Divergence Theorem on Manifolds

  1. Mar 17, 2010 #1

    I'm having some trouble understanding this theorem in Lang's book, (pp. 497) "Fundamentals of Differential Geometry." It goes as follows:

    [tex] \int_{M} \mathcal{L}_X(\Omega)= \int_{\partial M} \langle X, N \rangle \omega [/tex]

    where [tex] N [/tex] is the unit outward normal vector to [tex] \partial M [/tex], [tex] X [/tex] is a vector field on [tex] M [/tex], [tex] \Omega [/tex] is the volume element on [tex] M [/tex], [tex] \omega [/tex] is the volume element on the boundary [tex]\partial M[/tex], and [tex]\mathcal{L}_X[/tex] is the lie derivative along $X$.

    I understand that you can do the following:

    \int_{M} \mathcal{L}_X(\Omega) &= \int_{M} d(\iota_{X}(\Omega))) \\
    &= \int_{\partial M} \iota_{X}(\Omega)

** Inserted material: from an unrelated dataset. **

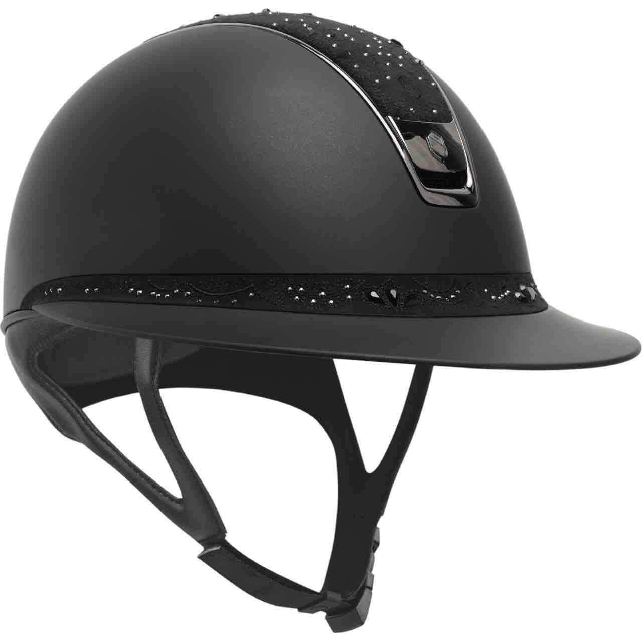 Samshield präsentiert mit dem Reithelm Miss Shield 2.0 Shadowmatt Black Crystal Bloom Black eine stilvolle Symbiose aus innovativer Sicherheitstechnologie, edlem Design und exzellentem Tragekomfort. Perfekt für anspruchsvolle Reiterinnen, die keine Kompromisse eingehen wollen.

    by Stokes' theorem. Now, we can take [tex] N(x)[/tex] with an appropriate sign so that if [tex]\hat N(x)[/tex] is the dual of $N$, then

    [tex] \hat N(x) \wedge \omega = \Omega [/tex].

    By the formula for the contraction, we know that

    [tex] \iota_X (\Omega) = \langle X, N \rangle \omega - \hat{N(x)} \wedge \iota_X(\omega) [/tex]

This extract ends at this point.